In John Le Carre's classic novel of espionage and betrayal, The Spy Who Came in from the Cold, Liz Gold represents innocence, naivety, and oppression. As a Jewish woman, and as was seen with the East German agent Fiedler, Liz is a marked figure. She is the universally oppressed character whose faith in a future dominated by an atheistic culture offers a refuge from the prejudices that dominated Europe during the recently-passed world war. Alec Leamas, in contrast, is the embodiment of world-wise but eternally corrupted, a professional and experienced practitioner of deceit—part of a "squalid procession of vain fools," to quote the character's self-description.

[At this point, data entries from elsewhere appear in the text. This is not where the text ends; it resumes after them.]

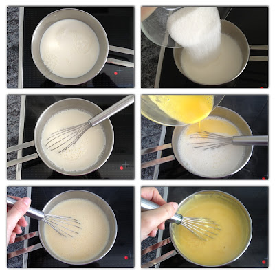 5º Para la crema de mantequilla, primero hay que batir el pudding de vainilla con tres cucharadas de leche y con las yemas. Después hay que poner el resto de la leche con el azúcar al fuego hasta que hierva. Agregar la anterior mezcla a la leche y bajar el fuego, remover continuamente hasta que la crema espese. Dejar que enfríe.
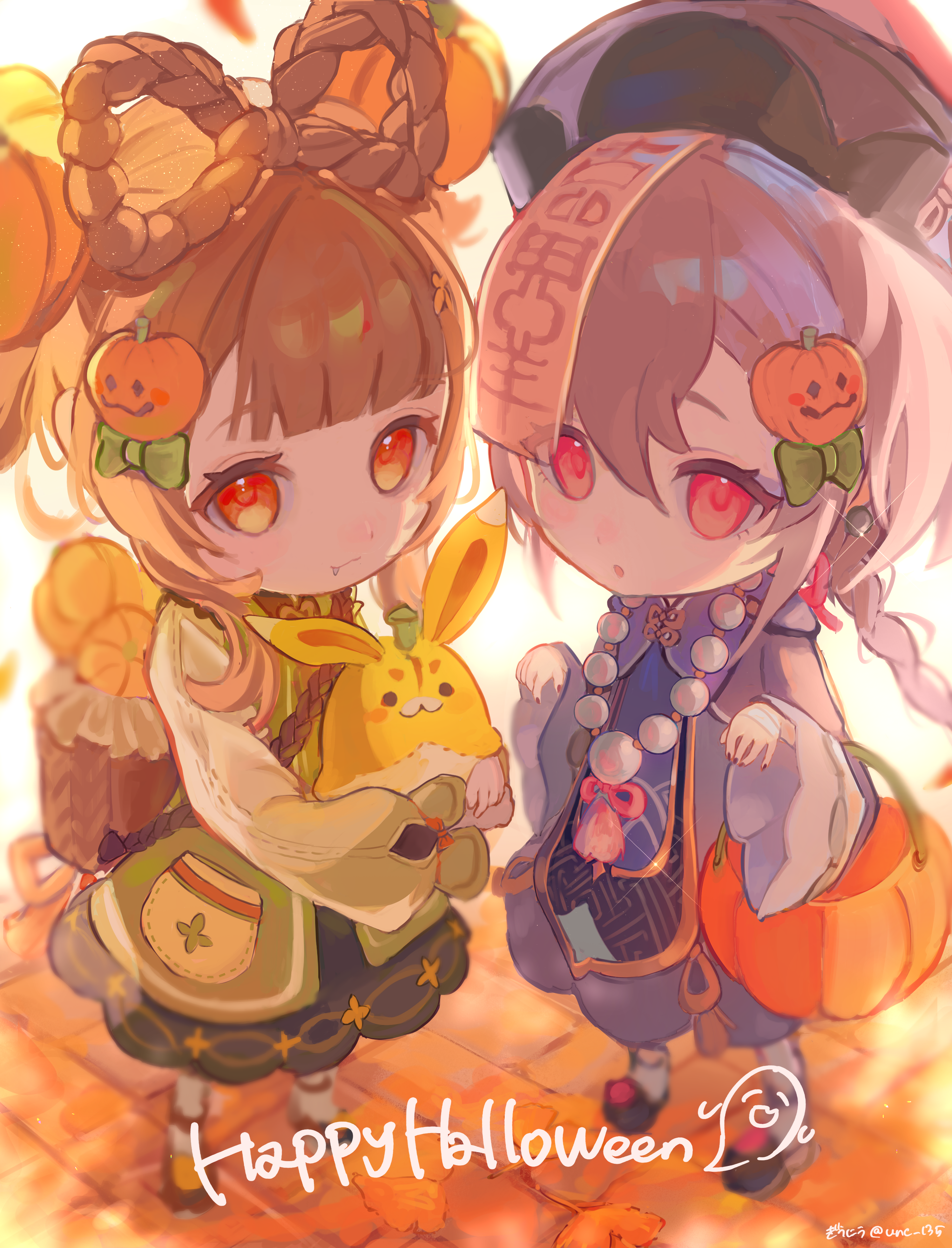 2girls absurdres animal artist_name bag bead_necklace beads black_shoes bow bow-shaped_hair braid braided_ponytail brown_bag brown_hair brown_shoes child closed_mouth commentary commentary_request dress english_commentary fang fang_out food-themed_hair_ornament full_body genshin_impact giuniu_(unc_135) green_bow green_dress hair_between_eyes hair_bow hair_ornament halloween_bucket happy_halloween hat highres holding holding_animal jewelry long_hair long_sleeves looking_at_viewer mixed-language_commentary multiple_girls necklace ofuda ofuda_on_head orange_eyes pantyhose pumpkin_hair_ornament purple_dress purple_hair purple_hat qingdai_guanmao qiqi_(genshin_impact) shoes short_hair shoulder_bag smile socks standing white_pantyhose white_socks wide_sleeves yaoyao_(genshin_impact)
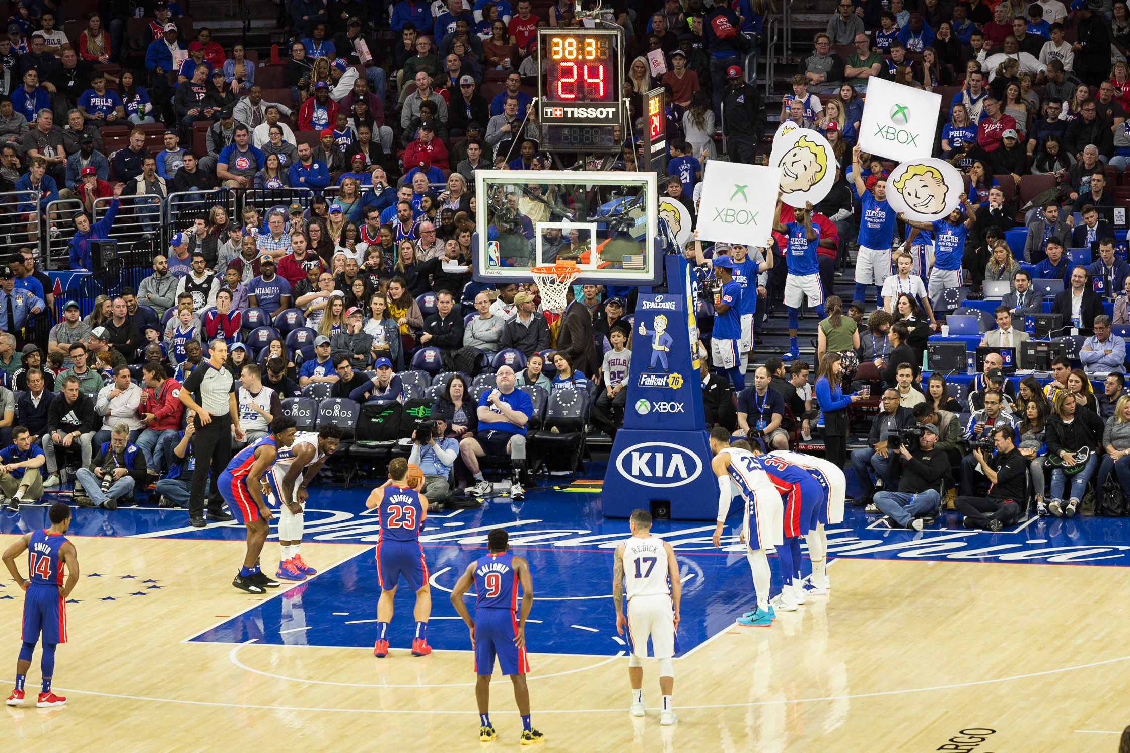 Game Takeover: Vault Boy also brought plenty of Luck to the Wells Fargo Center, as the Philadelphia 76ers held on to beat the Detroit Pistons 109 – 99. The in-arena signage, Xbox One Controller foam hands, courtside t-shirts, and Vault Boy big heads (which were used as distractors during opponent free throws) may have helped, too.

About halfway through Le Carre's novel, Leamas has a close encounter with another driver, forcing him to slam on his brakes to avoid a collision. As the author describes his protagonist's observations, Leamas "saw out of the corner of his eye four children in the back [of the other vehicle] waving and laughing." Again, the symbol of innocence and naivety: the children are enjoying the adventure, oblivious to the very real dangers they are experiencing. The final passage in The Spy Who Came in from the Cold depicts Liz's execution by East German border guards and Leamas's final moment of contemplation before deciding on death for himself. The frightened father driving the other vehicle in which rode those four children are riding is re-imagined in the final sentence, the car now crashed but the children still happily enjoying the experience. The father of the children is presumed dead.

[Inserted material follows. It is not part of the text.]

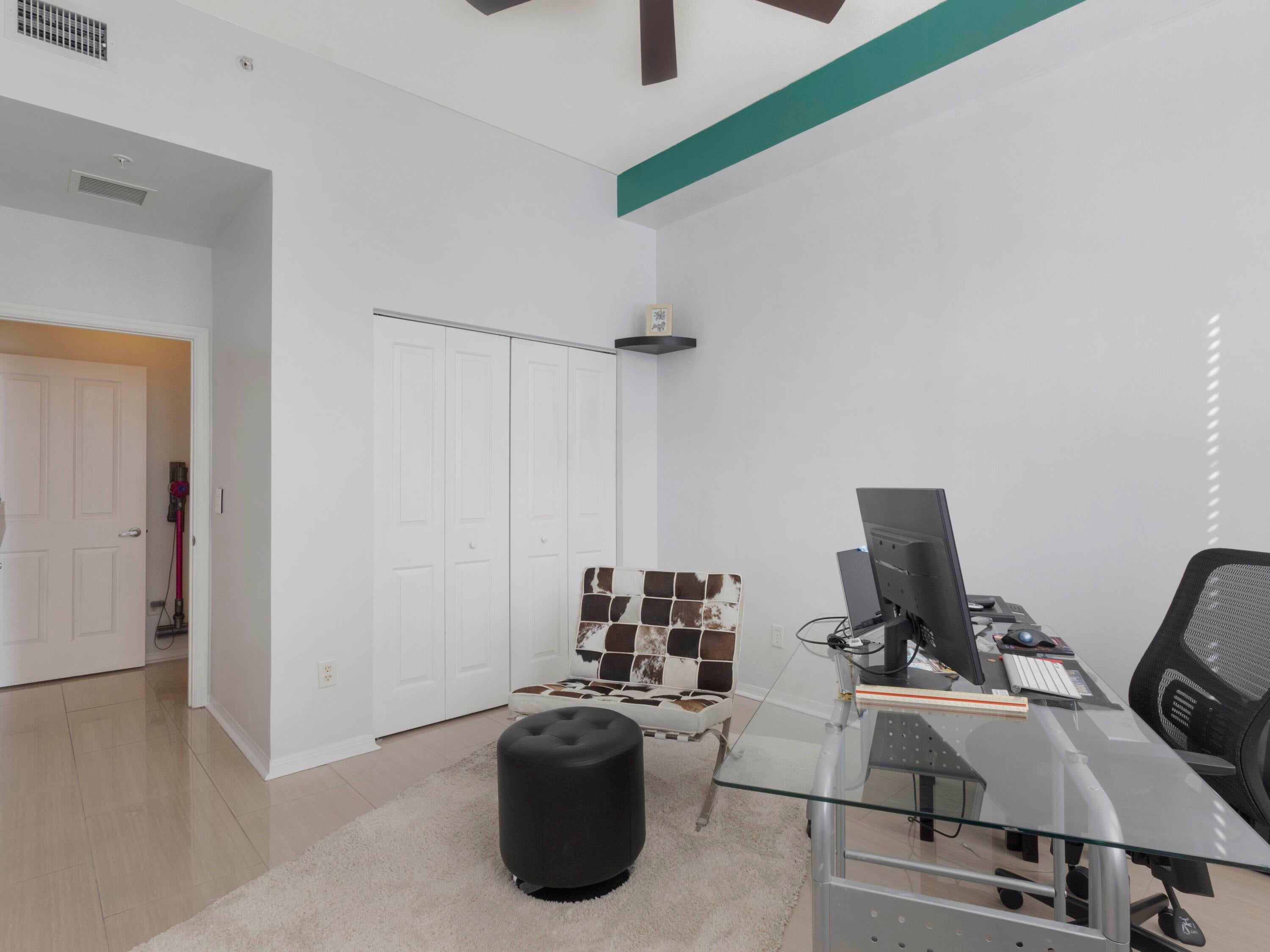 ''Enjoy the high ceiling in this stunning split floor plan, featuring an open-concept layout that's perfect for entertaining or relaxing. The gourmet kitchen boasts European cabinetry and granite countertops, seamlessly connecting to the dining and living areas. The primary suite is a serene retreat with a custom walk-in closet and walking shower. With its convenient location just steps from the elevator and reserved parking just a few doors away,for easy grocery shopping and other essentials are a breeze.The Prado building is one of the finest in town, with no special assessments for over 10 years - aside from a one-time 10% increase a few years ago. Having undergone a complete remodel in recent years, The Prado remains financially strong. Residents can indulge in resort-style amenities including a tropical heated pool and hot tub, a fully equipped fitness center with updated equipment, a renovated club room, business center, bike storage, and 24-hour attended lobby with complimentary Wi-Fi. Garage parking adds ease to city living in this prime Downtown West Palm Beach location, just minutes from Palm Beach, the airport, and world-class shopping, dining, and cultural attractions."

Le Carre's ending is intended to illuminate one final time the innocence and naivety represented by the character of Liz Gold and by those happy but oblivious children. Leamas has realized the extent of the deception of which he has been a part and, now, a victim. The ending, however, is also intended to force the reader to reflect on that earlier near-disaster involving the four children. The chapter in which this encounter occurs begins with a prophetic observation: "It is said that men condemned to death are subject to sudden moments of elation." Leamas, fatally wounded, experienced that "sudden moment of elation": The "children waving cheerfully through the window."